Erika van der Merwe, CEO of the South African Venture Capital and Private
Equity Association (SAVCA) said: “Infrastructure gives private equity investors
access to the strong African growth story, an exceptional theme in a structurally
low-growth world.”
Buying exposure to infrastructural assets through private equity provides
investors exposure to an asset class that is not easily found elsewhere.
“There are very few listed alternatives,” added van der Merwe. “There is limited
capacity in the listed market and even in the bond market for gaining such
exposure to infrastructure.”
Big US private equity players like Blackstone, Apollo, KKR and Carlyle have
recently invested in Africa with Blackstone taking a stake in a major dam
construction project in Uganda. The bulk of foreign direct investment to be
devoted to Africa over the next ten years is expected to be in infrastructure and
related assets and industries.
The most significant constraints to African growth are the lack of energy and
transport & logistics infrastructure.
Emile du Toit, SAVCA Chairman said: “None of the growth that is projected for
the region will materialise without a major rollout of infrastructure, which private
equity is now helping to fund.
“The multiplier effects created by infrastructural investments are powerful tools
for uplifting people and growing economies – and make infrastructure-focused
private equity funds an ideal vehicle for fulfilling an impact investing mandate.”

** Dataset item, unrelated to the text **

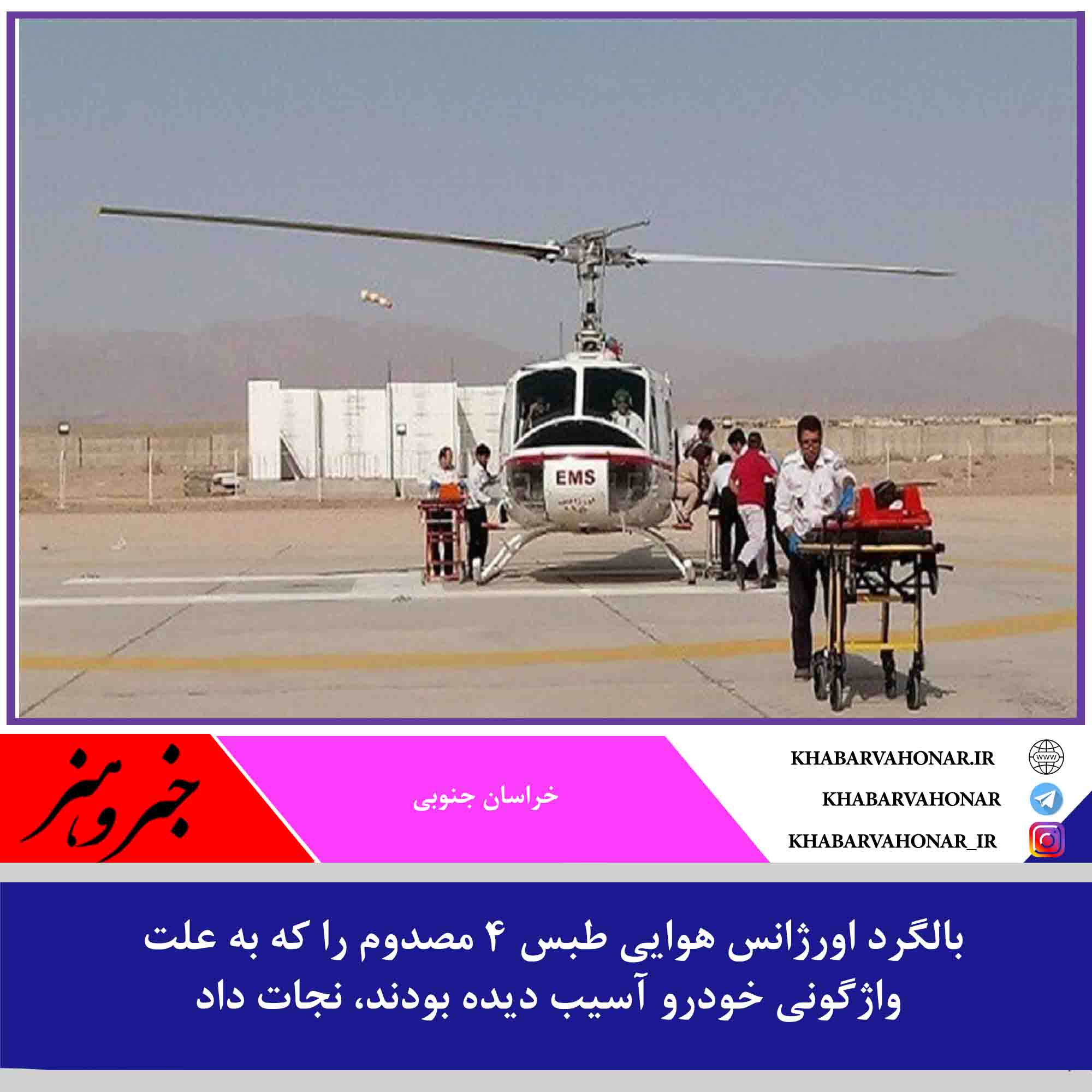 مسئول مرکز اورژانس ۱۱۵ شهرستان طبس گفت: بالگرد اورژانس هوایی طبس ۴ مصدوم را که به علت واژگونی خودرو آسیب دیده بودند، نجات داد.

Van der Merwe added that all development finance institutions and many
pension funds now are focused on responsible investing and are looking to
modify their allocations to ensure that these mandates, which extend to
environmental, social and governance criteria, are fulfilled.
Because of the medium- to long-term nature of their investments, infrastructure
funds – and private equity funds more generally – are ideally positioned to
implement these mandates on behalf of the providers of capital.
“The added attraction is that, compared with listed equity, private equity
infrastructure funds offer lower-risk and more consistent returns.
“This is due to the underlying revenues usually being contractual and backed by
the local governments and related utility companies. And they often carry
political risk guarantees on their revenue.”
A growing number of SAVCA’s members are launching funds with a focused
infrastructure mandate, a trend which Van der Merwe expects to continue.